┏━━

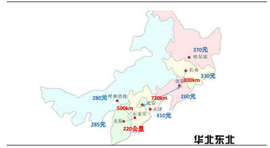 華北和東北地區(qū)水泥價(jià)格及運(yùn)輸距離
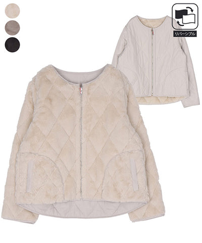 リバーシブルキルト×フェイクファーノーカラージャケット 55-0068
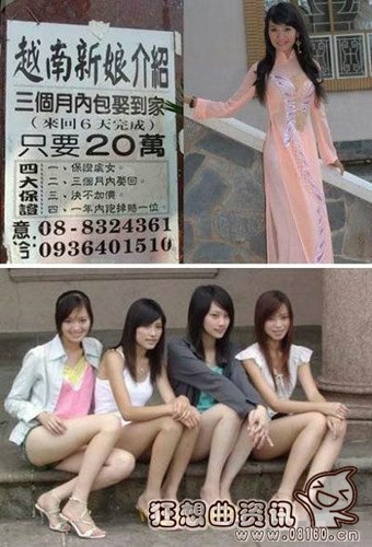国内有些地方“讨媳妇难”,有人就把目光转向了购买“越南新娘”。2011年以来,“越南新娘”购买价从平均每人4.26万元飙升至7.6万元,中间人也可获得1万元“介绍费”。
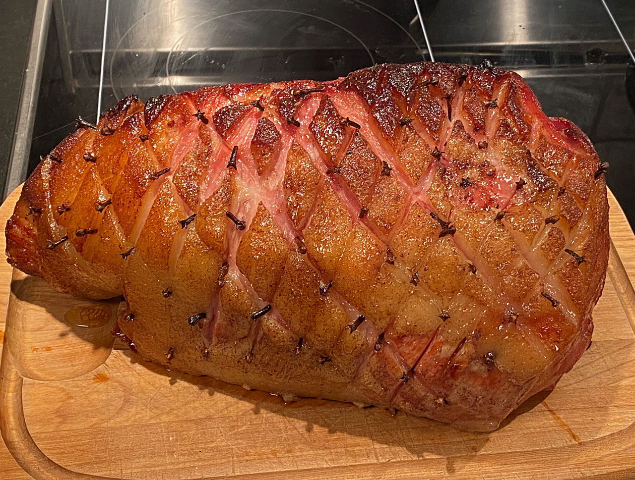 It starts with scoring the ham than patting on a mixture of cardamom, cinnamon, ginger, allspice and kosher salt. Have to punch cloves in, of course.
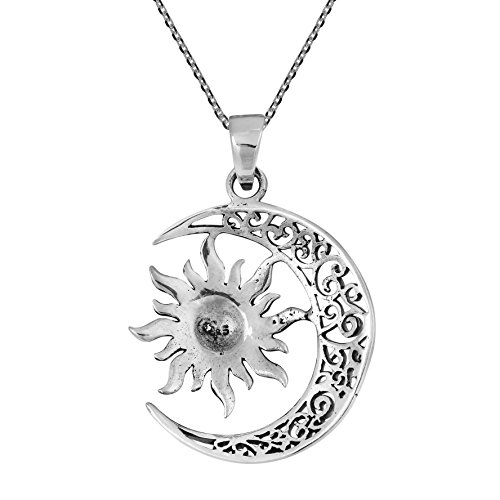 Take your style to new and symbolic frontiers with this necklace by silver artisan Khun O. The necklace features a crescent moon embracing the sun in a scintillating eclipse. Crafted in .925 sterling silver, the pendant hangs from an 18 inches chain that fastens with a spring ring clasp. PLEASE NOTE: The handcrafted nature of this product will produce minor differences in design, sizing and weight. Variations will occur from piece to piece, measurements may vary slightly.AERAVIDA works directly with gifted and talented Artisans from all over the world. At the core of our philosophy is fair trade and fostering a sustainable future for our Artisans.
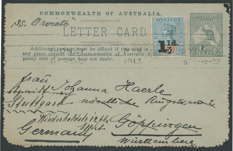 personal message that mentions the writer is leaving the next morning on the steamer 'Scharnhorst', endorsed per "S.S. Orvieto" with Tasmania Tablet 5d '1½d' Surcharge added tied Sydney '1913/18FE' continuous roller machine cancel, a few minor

┗━━

What is expected.
When you restate the listing above, give each line word for word but leave out every image.

Finished exercise.
 華北和東北地區(qū)水泥價(jià)格及運(yùn)輸距離
 リバーシブルキルト×フェイクファーノーカラージャケット 55-0068
国内有些地方“讨媳妇难”,有人就把目光转向了购买“越南新娘”。2011年以来,“越南新娘”购买价从平均每人4.26万元飙升至7.6万元,中间人也可获得1万元“介绍费”。
 It starts with scoring the ham than patting on a mixture of cardamom, cinnamon, ginger, allspice and kosher salt. Have to punch cloves in, of course.
 Take your style to new and symbolic frontiers with this necklace by silver artisan Khun O. The necklace features a crescent moon embracing the sun in a scintillating eclipse. Crafted in .925 sterling silver, the pendant hangs from an 18 inches chain that fastens with a spring ring clasp. PLEASE NOTE: The handcrafted nature of this product will produce minor differences in design, sizing and weight. Variations will occur from piece to piece, measurements may vary slightly.AERAVIDA works directly with gifted and talented Artisans from all over the world. At the core of our philosophy is fair trade and fostering a sustainable future for our Artisans.
 personal message that mentions the writer is leaving the next morning on the steamer 'Scharnhorst', endorsed per "S.S. Orvieto" with Tasmania Tablet 5d '1½d' Surcharge added tied Sydney '1913/18FE' continuous roller machine cancel, a few minor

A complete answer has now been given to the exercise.